An early 17th-century icon by Nikifor Savin, Fedor Tiron and the Dragon (left), fills the mouth of hell with a swarm of very different-looking monsters that still have the same basic features - long teeth, a long tongue, a forehead, ears at the back of the head, and feet with three clawed toes. Most of these features can be found on the beasts on the right, a detail from an eleventh-century Byzantine ivory-carving, the cover of Queen Melisende's Psalter. These fighting creatures have a more dog-like appearance, and the same stylized posture as young Nicholas Temerin's dog on the previous page - click on the psalter-cover on the right to compare the two. In the Greek tradition the guardians of the entrance to the underworld are explicitly dogs, and they are represented as such in some Byzantine paintings. However, the same stylized head appears on images of the "whale" that swallowed Jonah, and quite frequently on the great serpent slain by St. George.
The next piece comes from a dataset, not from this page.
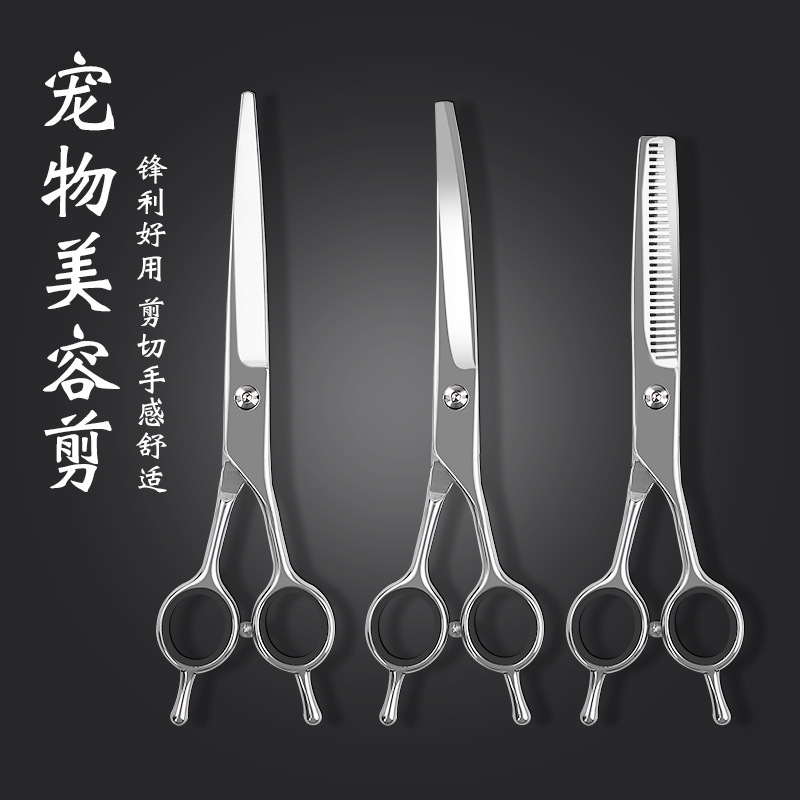 Gunting kecantikan hewan peliharaan gunting melengkung pemangkas rambut anjing dan gunting cukur rambut Teddy kucing alat cukur gunting gigi gunting lurus

In Byzantine iconography the distinction between "whale", serpent and dragon is blurred. The image on the left is from the Khludov Psalter, a ninth-century Byzantine manuscript that was brought to Russia from the Balkans in the 1840s. It illustrates the story of Jonah, who can be seen inside the belly of a beast with the head and forefeet of a dragon, the coiled body of a serpent, but the tail and the fins (on the side of the neck) of a fish.This is a widespread image in the ancient Mediterranean world: compare below...
... the embossed gold figure of a sea-nymph riding a monster, on the lid of a silver box of the late second century BC (on the right). The important details are essentially the same as Jonah's monster in the Khludov Psalter: the dog-like dragon's head with little ears and a row of curved teeth, the coiled body with a fish's tail and a fin at the side of the neck (just visible below the nymph's right arm), and the forelimbs, which here are more like fins, but divided into digits. The only significant difference is that the nymph rides atop the serpent, while Jonah travels inside it.
Even in late Byzantine times the head of this conventional monster, derived from the Greco-Roman tradition, could be explicitly canine. A good illustration is the image on the left, from a scene of the Last Judgment in a Byzantine illuminated gospel book of the mid-eleventh century. Serving in its context as the entrance to hell, this creature has the head and forelimbs of Cerberus himself (the artist has shown two heads, each swallowing one of the damned) and the coiled body of the serpent, ending in a fishtail. Mounted astride one of the heads is a figure of Hades, the Greek god of the underworld.
In a world in which visual culture has a central importance, pictorial images can be remarkably long-lived and stable. This phenomenon, and cultural influences over the course of centuries, explain how some of the characteristic details of a monster from the ancient Mediterranean world can surface on the head of a Russian lap-dog some two thousand years later.